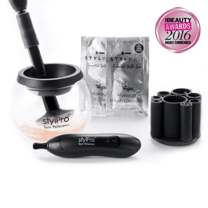 Styprlo комплект за почистване и сушене на четки за грим. Почиства и изсушава четки за по-малко от 30 секунди, така че те са веднага готови да бъдат използвани.
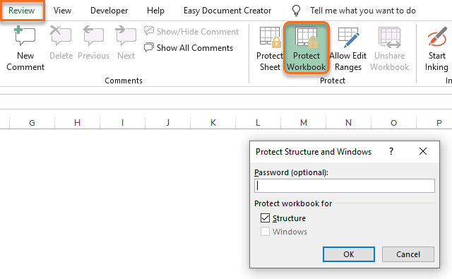 - Protect Workbook: Prevents users from adding or deleting sheets in the workbook structure.
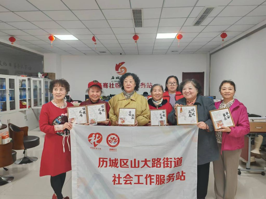 此次老年人朋辈支持小组的最后一节课不仅是一次艺术创作活动,更是一次心灵的交流和碰撞,也让老年朋友们在活动中收获了快乐、友谊和自信;同时也为老人们搭建了一个相互支持、相互关爱的平台,让他们在晚年生活中感受到了社会的温暖和关怀,进一步提升了他们的生活质量和幸福感。未来,山大路街道社工站将继续关注老年人的精神需求和生活状况,为他们提供更多的支持和帮助;同时也将继续探索更多适合老年人的活动形式和内容,让他们在晚年生活中依然能够充满活力、绽放光彩。
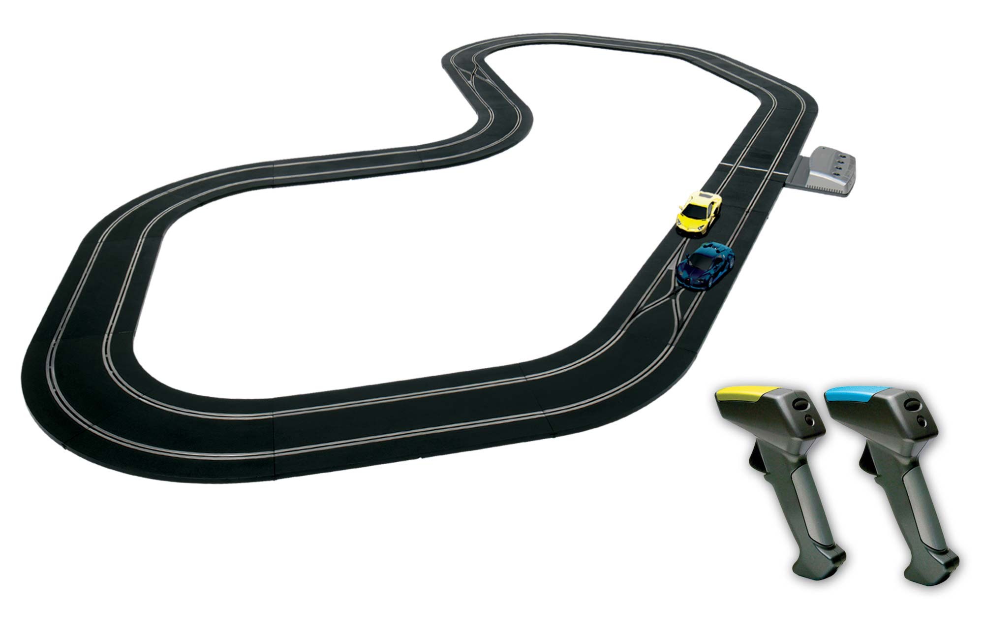 Our Pro slot car system works just like traditional layouts – you control your digital slot cars using a controller, guiding them around a slot car track. But there are added benefits, such as lane-changing, the ability to race more than two cars, and fun game features. Get ready to take your strategic gameplay to the next level, overtaking your competitors, blocking their progress and taking tactical pit stops as needed.
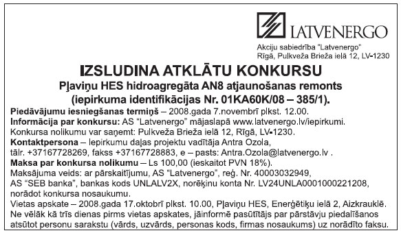 Piedāvājumus var iesniegt līdz 2008.gada 24.novembrim plkst. 14.00. Papildu informācija pa tālr. 64071310.
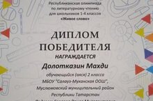 2нче сыйныф укучысы Долотказин Махди "Живое слово" исемле әдәби уку буенча республикакүләм олимпиадада җинеп чыкты. Җитәкчесе - Гараева Р.М.
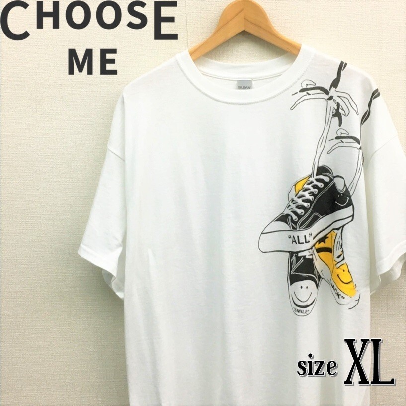- KZ3616★CHOOSE ME 手刷りプリントTシャツ★XL★白 ALL JACK SMILE THREE FACE オールスター コンバース
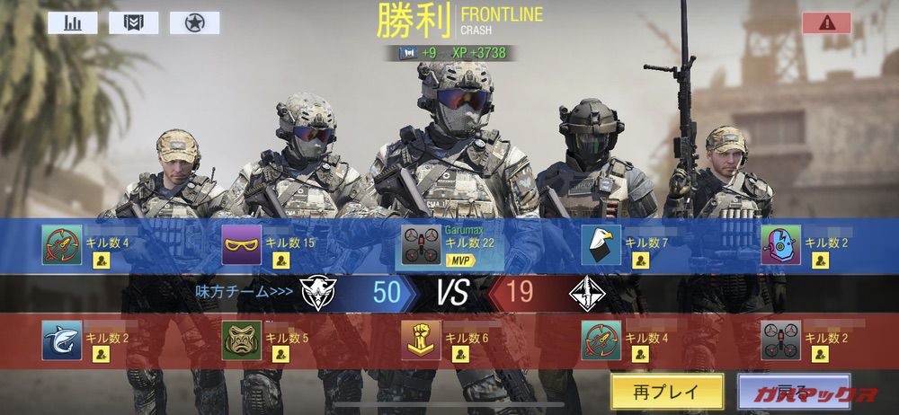 ▼プチフリ起こしながら必死で戦って22キル。結構倒せたんですが、通知センター誤爆のプチフリがなければもっと良い成績を残せたかと思うと悔しい。↓
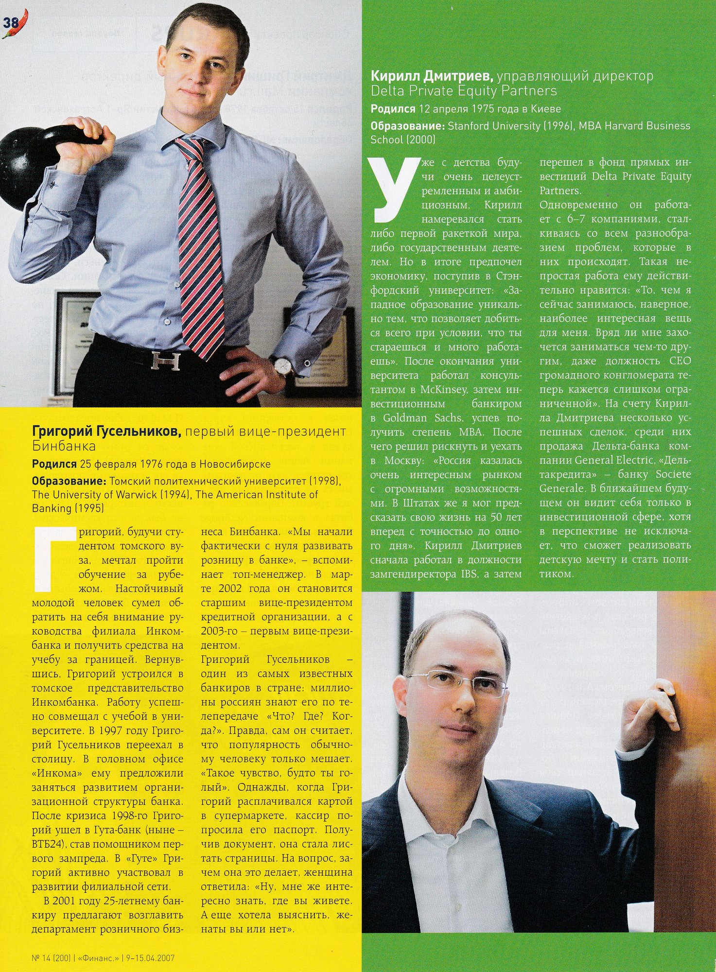 Одновременно он работает с 6–7 компаниями, сталкиваясь со всем разнообразием проблем, которые в них происходят. Такая непростая работа ему действительно нравится: «То, чем я сейчас занимаюсь, наверное, наиболее интересная вещь для меня. Вряд ли мне захочется заниматься чем-то другим, даже должность CEO громадного конгломерата теперь кажется слишком ограниченной». На счету Кирилла Дмитриева несколько успешных сделок, среди них продажа Дельта-банка компании General Electric, «Дельтакредита» – банку Societe Generale. В ближайшем будущем он видит себя только в инвестиционной сфере, хотя в перспективе не исключает, что сможет реализовать детскую мечту и стать политиком.
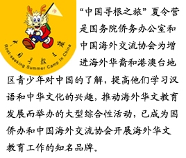 美國《僑報(bào)》記者吳健:美國華裔青少年參加“中國尋根之旅夏令營”的目的已不僅僅局限于簡單的開拓視野和尋根問祖,還包括幫助他們認(rèn)同文化身份和未來事業(yè)發(fā)展。
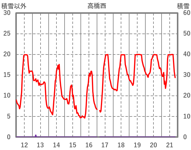 | 日 | 時 | 気温 | 降水 | 風向/風速 | 日照 | 積雪 | 降雪 |

DIRECTIONS FOR THIS TASK ::
The listing above, line by line: print it exactly, but not its pictures.

TASK SOLUTION ::
 Styprlo комплект за почистване и сушене на четки за грим. Почиства и изсушава четки за по-малко от 30 секунди, така че те са веднага готови да бъдат използвани.
 - Protect Workbook: Prevents users from adding or deleting sheets in the workbook structure.
 此次老年人朋辈支持小组的最后一节课不仅是一次艺术创作活动,更是一次心灵的交流和碰撞,也让老年朋友们在活动中收获了快乐、友谊和自信;同时也为老人们搭建了一个相互支持、相互关爱的平台,让他们在晚年生活中感受到了社会的温暖和关怀,进一步提升了他们的生活质量和幸福感。未来,山大路街道社工站将继续关注老年人的精神需求和生活状况,为他们提供更多的支持和帮助;同时也将继续探索更多适合老年人的活动形式和内容,让他们在晚年生活中依然能够充满活力、绽放光彩。
 Our Pro slot car system works just like traditional layouts – you control your digital slot cars using a controller, guiding them around a slot car track. But there are added benefits, such as lane-changing, the ability to race more than two cars, and fun game features. Get ready to take your strategic gameplay to the next level, overtaking your competitors, blocking their progress and taking tactical pit stops as needed.
 Piedāvājumus var iesniegt līdz 2008.gada 24.novembrim plkst. 14.00. Papildu informācija pa tālr. 64071310.
 2нче сыйныф укучысы Долотказин Махди "Живое слово" исемле әдәби уку буенча республикакүләм олимпиадада җинеп чыкты. Җитәкчесе - Гараева Р.М.
- KZ3616★CHOOSE ME 手刷りプリントTシャツ★XL★白 ALL JACK SMILE THREE FACE オールスター コンバース
 ▼プチフリ起こしながら必死で戦って22キル。結構倒せたんですが、通知センター誤爆のプチフリがなければもっと良い成績を残せたかと思うと悔しい。↓
 Одновременно он работает с 6–7 компаниями, сталкиваясь со всем разнообразием проблем, которые в них происходят. Такая непростая работа ему действительно нравится: «То, чем я сейчас занимаюсь, наверное, наиболее интересная вещь для меня. Вряд ли мне захочется заниматься чем-то другим, даже должность CEO громадного конгломерата теперь кажется слишком ограниченной». На счету Кирилла Дмитриева несколько успешных сделок, среди них продажа Дельта-банка компании General Electric, «Дельтакредита» – банку Societe Generale. В ближайшем будущем он видит себя только в инвестиционной сфере, хотя в перспективе не исключает, что сможет реализовать детскую мечту и стать политиком.
 美國《僑報(bào)》記者吳健:美國華裔青少年參加“中國尋根之旅夏令營”的目的已不僅僅局限于簡單的開拓視野和尋根問祖,還包括幫助他們認(rèn)同文化身份和未來事業(yè)發(fā)展。
 | 日 | 時 | 気温 | 降水 | 風向/風速 | 日照 | 積雪 | 降雪 |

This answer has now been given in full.